Restate the whole of the data below word for word, skipping the images.

Source data:

:::

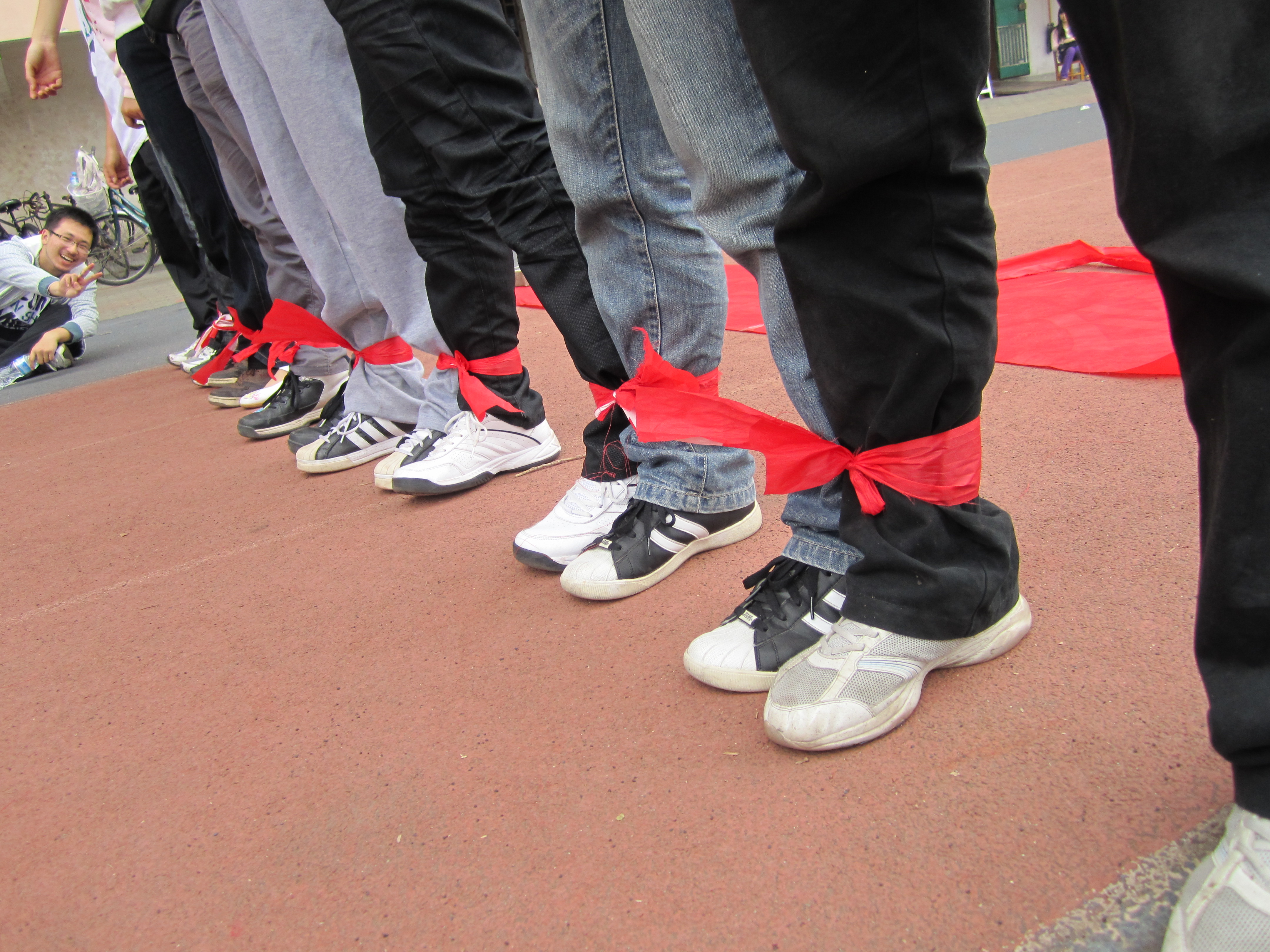最后一个项目是绑腿跑,平时健步如飞的同学现在可是步履蹒跚。口中喊着“一二,一二”,双腿却不大听自己使唤,只能随着队友的节奏迈腿。有时,为了调整即将散掉的队伍,大家都停下各自的脚步,小心翼翼地挪到同一起跑线上,再次出发,直到艰难地到达终点。路走的很辛苦,大家却是一脸笑容。
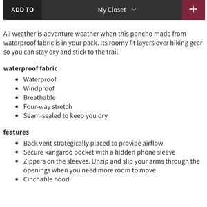 Lululemon Waterproof Hiking Poncho Size 2 (Oversized) NWOT
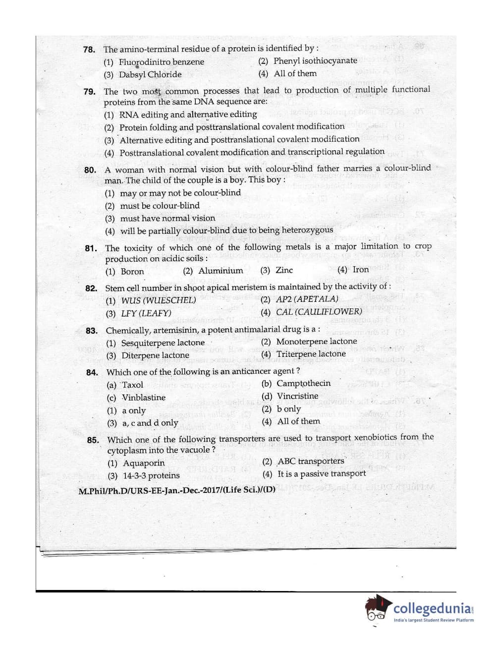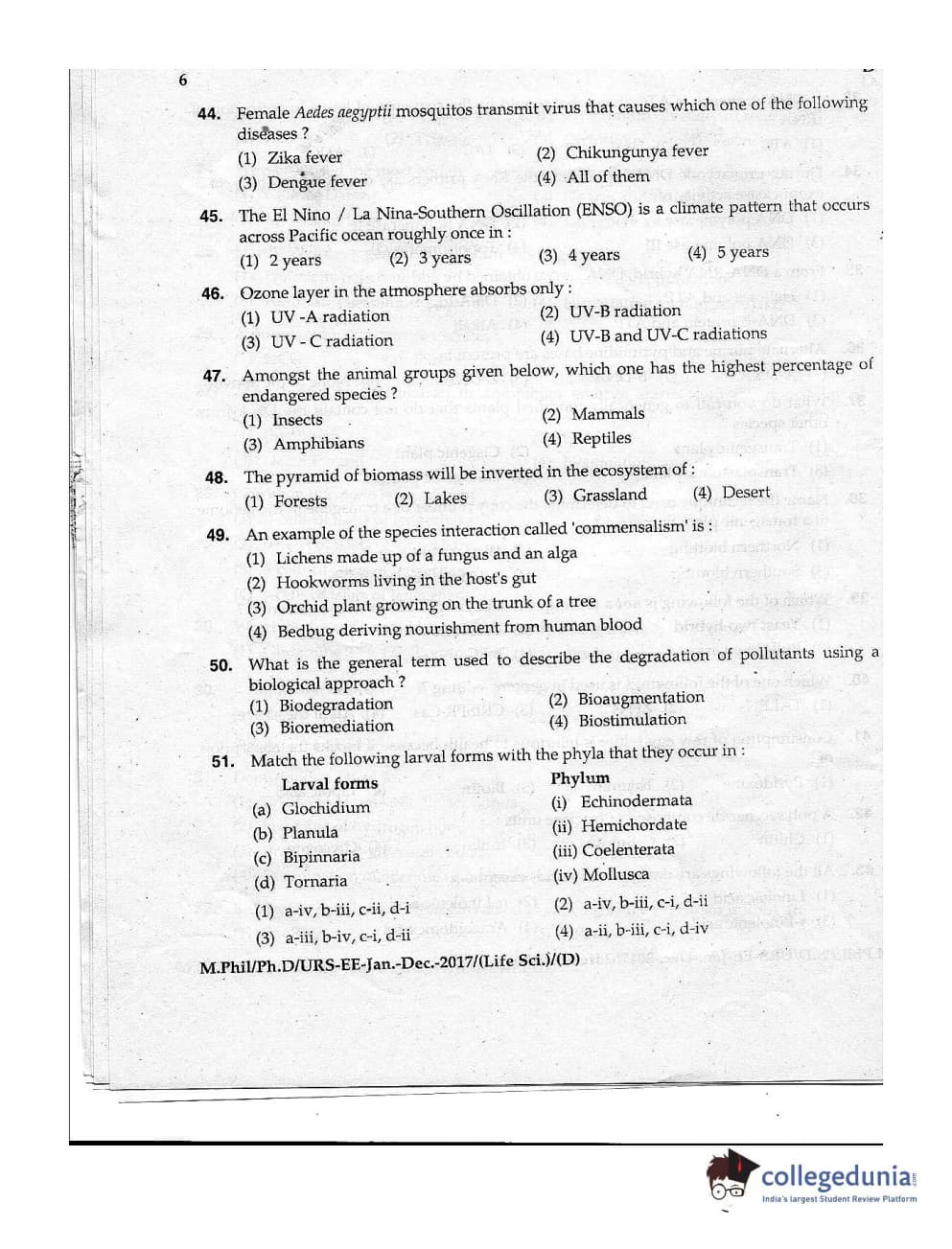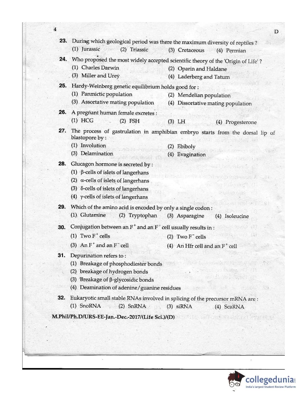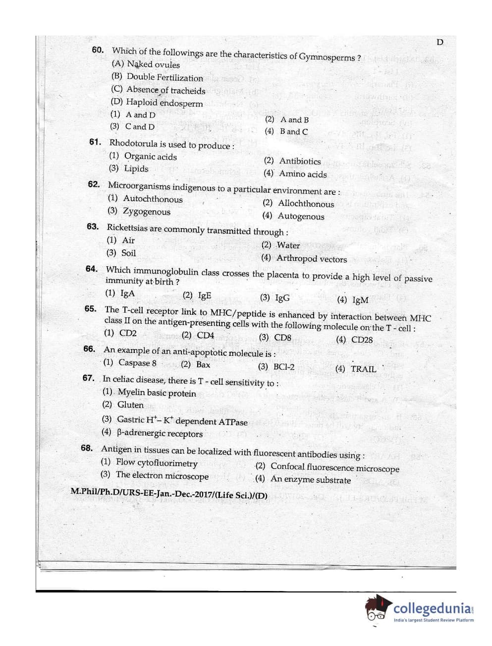 MDUCEE 2016 Ph.D/URS Life Science Set D Question Paper with Answer Key PDFs

:::

Solution:
最后一个项目是绑腿跑,平时健步如飞的同学现在可是步履蹒跚。口中喊着“一二,一二”,双腿却不大听自己使唤,只能随着队友的节奏迈腿。有时,为了调整即将散掉的队伍,大家都停下各自的脚步,小心翼翼地挪到同一起跑线上,再次出发,直到艰难地到达终点。路走的很辛苦,大家却是一脸笑容。
 Lululemon Waterproof Hiking Poncho Size 2 (Oversized) NWOT
 MDUCEE 2016 Ph.D/URS Life Science Set D Question Paper with Answer Key PDFs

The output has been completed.